The solution is to redefine the term “traditional” relationship. While customers may not want to walk into a branch to deposit a check, they still want information and advice. Just because a millennial does not want to deposit a check in person does not mean that he or she will not need to sit with a representative for guidance when applying for their first home loan. Using customer segmentation and understanding where there are opportunities to build relationships provides an opportunity to overcome the imminent threat of technology.

If information and advice are the keys to building relationships, it becomes imperative that bank employees are fully trained and knowledgeable. It is crucial that community banks spend time hiring the right people for the right position and then train and promote from within. Employees must fully understand, represent and communicate a brand. That brand must be clearly defined by executive management and communicated down the chain of command. It is incumbent upon the leaders of the organization to first set an example and then ask their employees to follow suit. Some of the most successful community bank CEOs can recognize their customers by name when they walk into a branch. These are not the biggest clients of the bank, but they are probably the most loyal because of the quality of the relationship.

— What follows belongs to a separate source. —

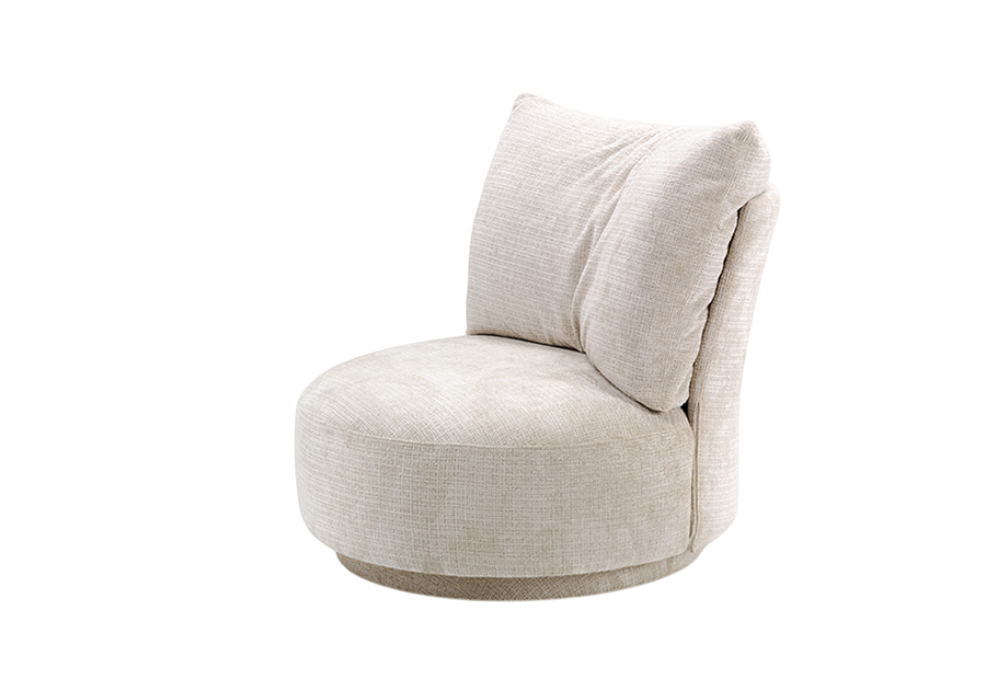 Durante firmata da Angelettiruzza per Alivar è una poltrona con base fissa o girevole a 360°. Il rivestimento è in tessuto in varie finiture.

The focus needs to switch from products and transactions towards specific relationships with specific customer segments. Customer-centric banking strategies will improve the chances of survival for community banks. Those that are not able to adapt will be eclipsed by the recent revival of de novos or will be acquired by institutions that are embracing this customer-centric approach. A customer-centric approach is critical to drive value whether pursuing organic growth or M&A. For banks evaluating an acquisition, there are additional considerations that need to be addressed prior to entering into a transaction, in order to safeguard the customer relationships that the bank has built and ensure that the deal enhances the bank’s brand and business model, while also building value.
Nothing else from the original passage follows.